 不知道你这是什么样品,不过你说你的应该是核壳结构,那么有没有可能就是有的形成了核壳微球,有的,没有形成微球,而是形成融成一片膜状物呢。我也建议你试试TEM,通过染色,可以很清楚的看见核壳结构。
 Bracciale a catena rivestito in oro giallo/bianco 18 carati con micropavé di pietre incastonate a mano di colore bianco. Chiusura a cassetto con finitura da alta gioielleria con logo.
==
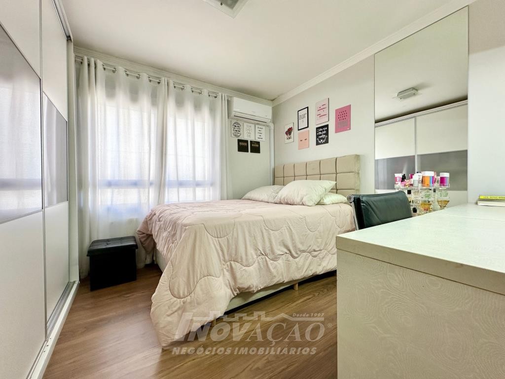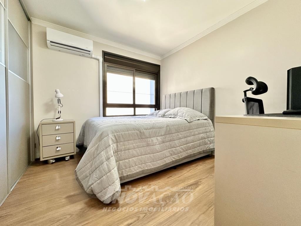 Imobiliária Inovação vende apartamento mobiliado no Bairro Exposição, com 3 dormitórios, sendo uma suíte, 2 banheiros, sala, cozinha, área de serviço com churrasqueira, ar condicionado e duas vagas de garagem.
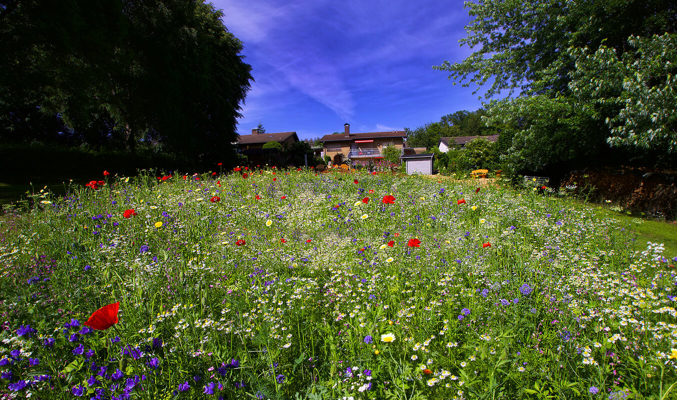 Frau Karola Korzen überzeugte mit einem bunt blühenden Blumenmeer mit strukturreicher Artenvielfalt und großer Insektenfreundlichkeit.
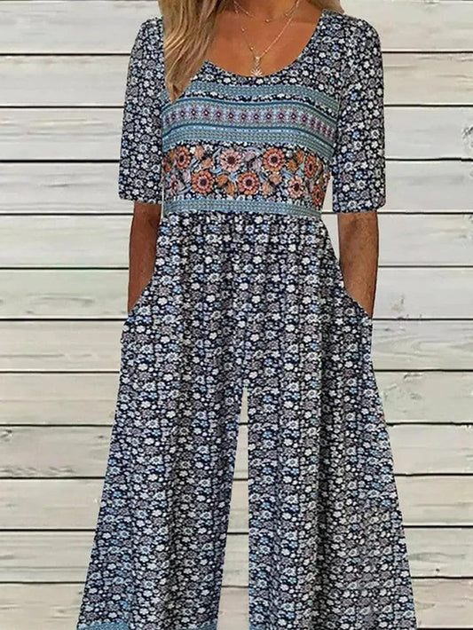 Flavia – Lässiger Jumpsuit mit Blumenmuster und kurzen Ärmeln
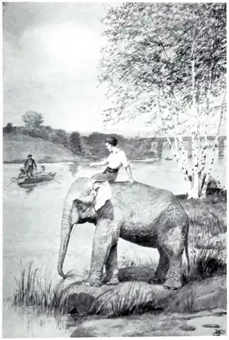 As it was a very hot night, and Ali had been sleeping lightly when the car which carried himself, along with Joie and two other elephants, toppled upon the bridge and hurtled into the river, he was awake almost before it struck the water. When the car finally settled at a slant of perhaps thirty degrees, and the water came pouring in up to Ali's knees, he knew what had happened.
==
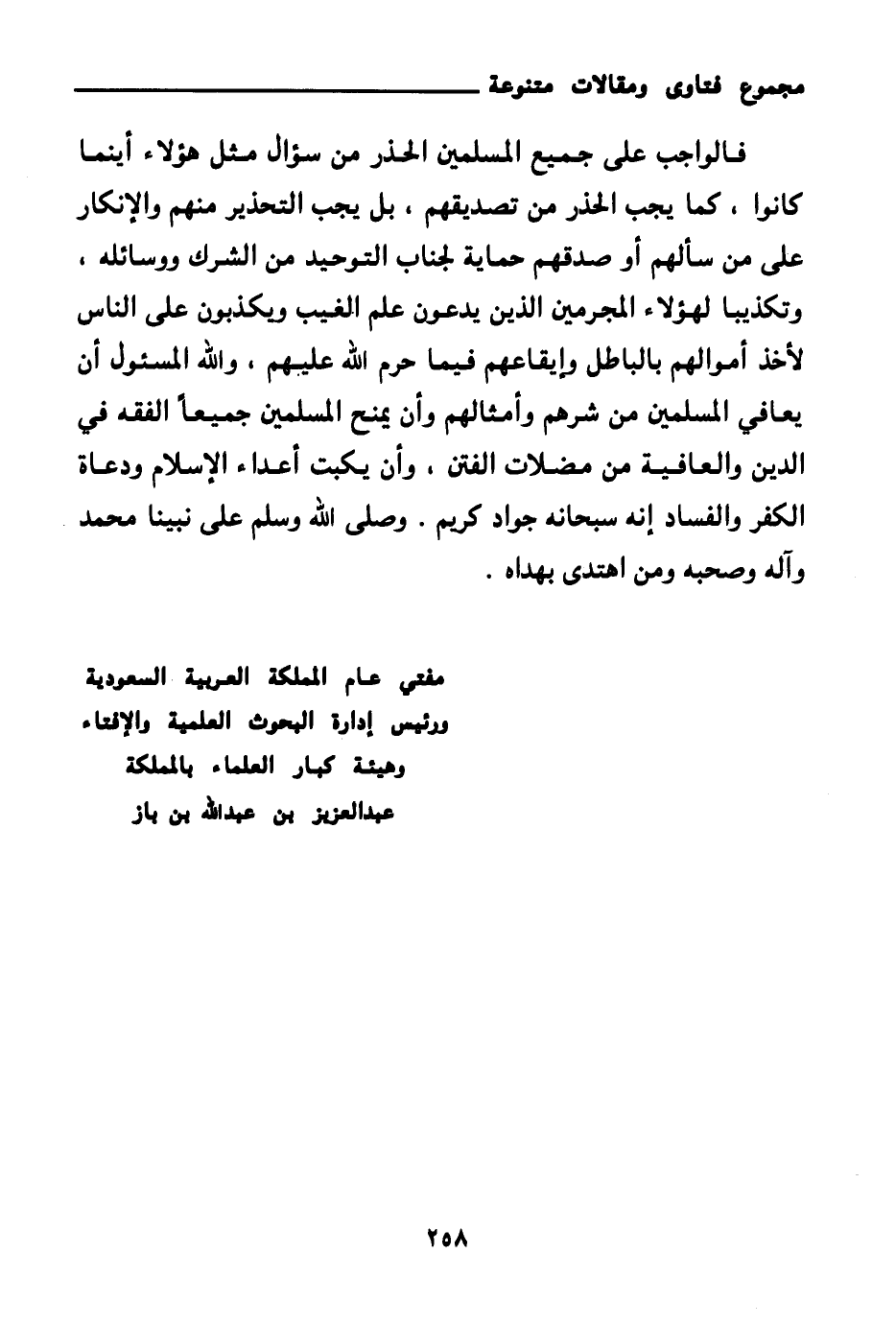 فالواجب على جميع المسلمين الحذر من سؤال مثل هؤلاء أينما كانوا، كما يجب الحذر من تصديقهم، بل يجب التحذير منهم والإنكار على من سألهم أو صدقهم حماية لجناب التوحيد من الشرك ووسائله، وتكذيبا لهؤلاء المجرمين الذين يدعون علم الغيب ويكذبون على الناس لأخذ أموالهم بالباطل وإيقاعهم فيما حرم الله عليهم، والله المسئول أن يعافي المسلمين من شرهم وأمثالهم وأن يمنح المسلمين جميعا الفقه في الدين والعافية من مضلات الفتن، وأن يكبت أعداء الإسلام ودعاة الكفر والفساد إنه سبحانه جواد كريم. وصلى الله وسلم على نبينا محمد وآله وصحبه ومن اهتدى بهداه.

Exercise prompt — Within the listing above, the range opens at the line with "不知道你这是什么样品,不过你" and closes at the line with "Bracciale a catena". Reproduce exactly the lines of that range, including both ends.

Written solution —
 不知道你这是什么样品,不过你说你的应该是核壳结构,那么有没有可能就是有的形成了核壳微球,有的,没有形成微球,而是形成融成一片膜状物呢。我也建议你试试TEM,通过染色,可以很清楚的看见核壳结构。
 Bracciale a catena rivestito in oro giallo/bianco 18 carati con micropavé di pietre incastonate a mano di colore bianco. Chiusura a cassetto con finitura da alta gioielleria con logo.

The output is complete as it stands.